What is required
Would you reproduce each line below exactly, leaving every picture out?

Provided data
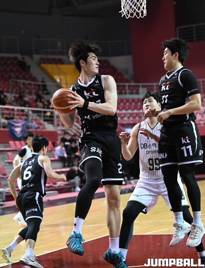 KT는 이두원이 24점 15리바운드로 승리에 앞장섰고, 박성재(14점 4리바운드 2어시스트)와 고찬혁(12점 5리바운드)이 두 자리 수 득점에 성공했다. DB는 백승엽(16점 4리바운드 3어시스트), 이윤수(13점 17리바운드)가 분전했다.
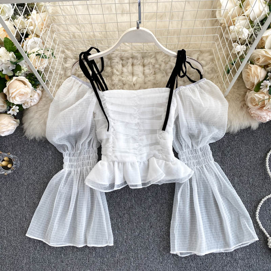Fairy Puff Sleeve Pleated Cropped Chiffon Top 1020
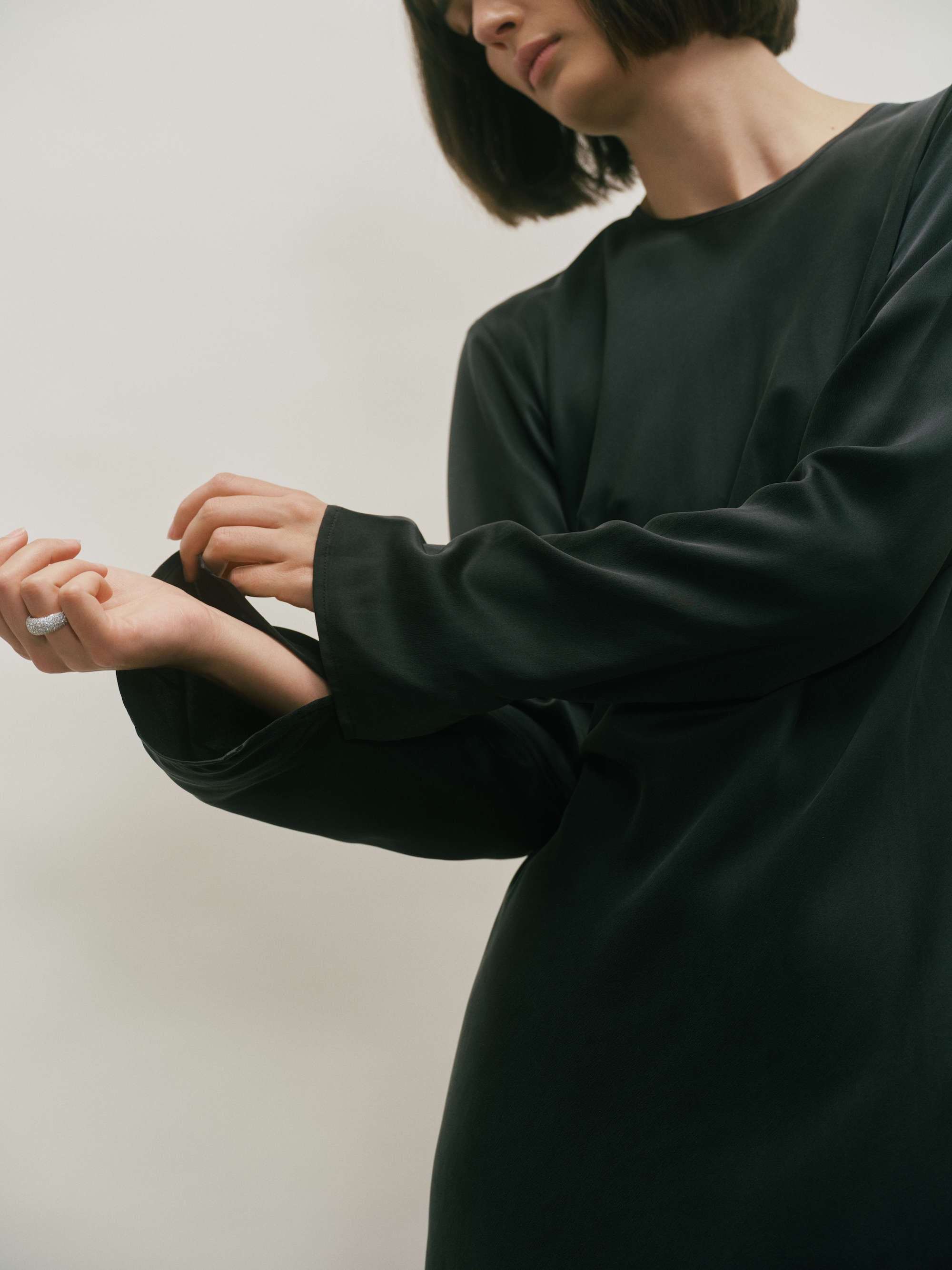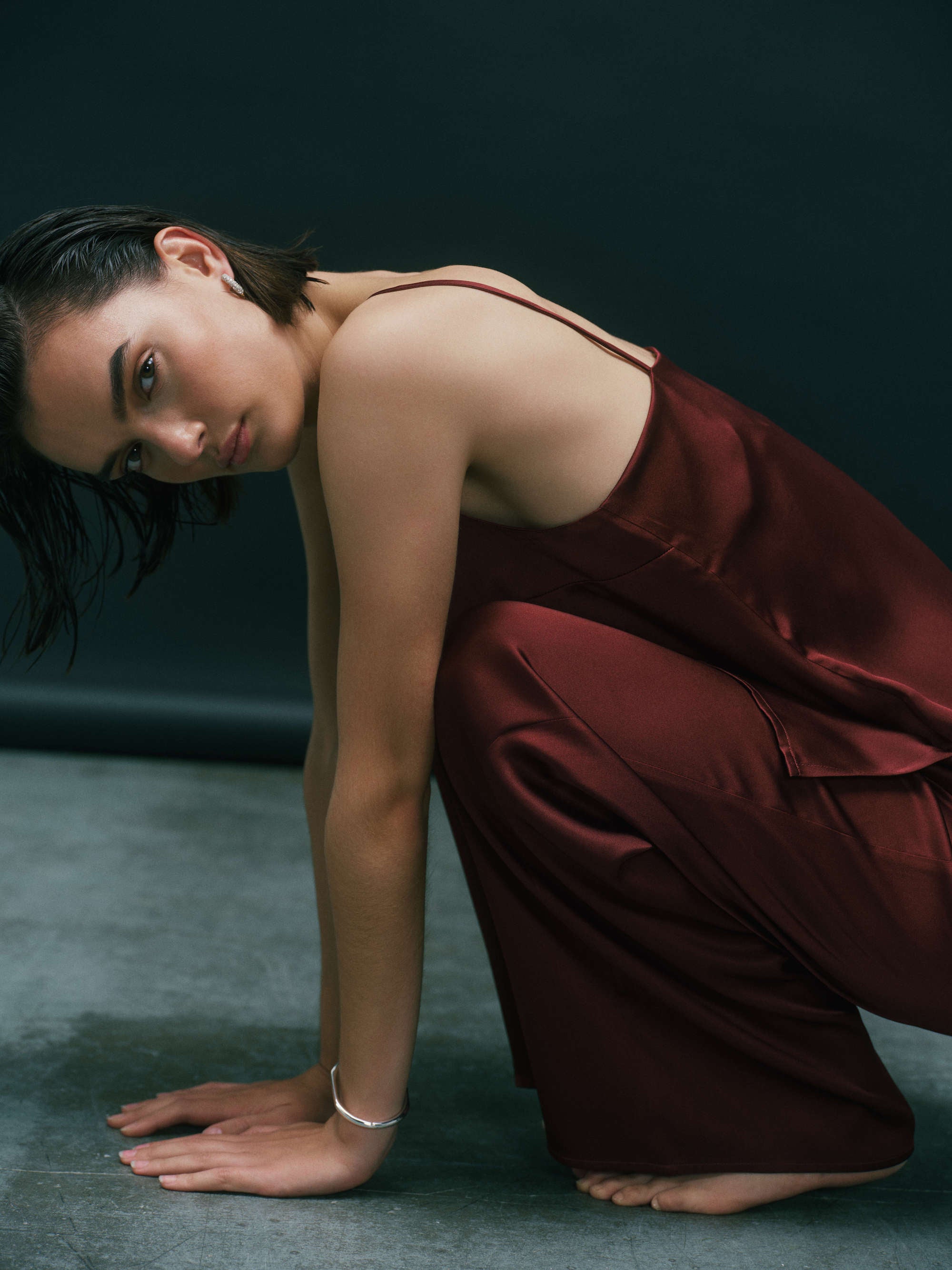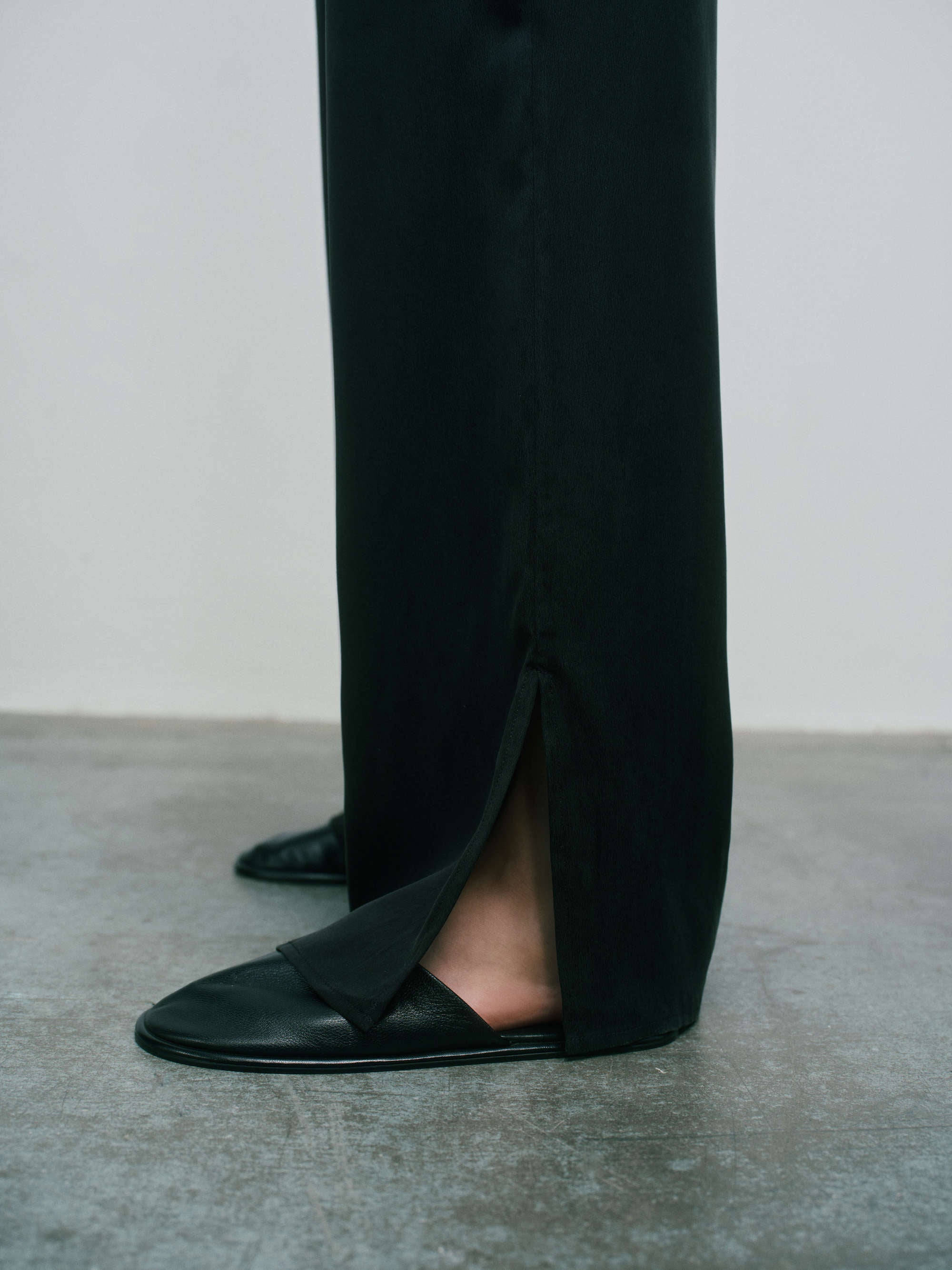 Charcoal cashmere is the ultimate in off-duty loungewear for the winter months, paired with core black silks.

Response to this exercise
 KT는 이두원이 24점 15리바운드로 승리에 앞장섰고, 박성재(14점 4리바운드 2어시스트)와 고찬혁(12점 5리바운드)이 두 자리 수 득점에 성공했다. DB는 백승엽(16점 4리바운드 3어시스트), 이윤수(13점 17리바운드)가 분전했다.
Fairy Puff Sleeve Pleated Cropped Chiffon Top 1020
 Charcoal cashmere is the ultimate in off-duty loungewear for the winter months, paired with core black silks.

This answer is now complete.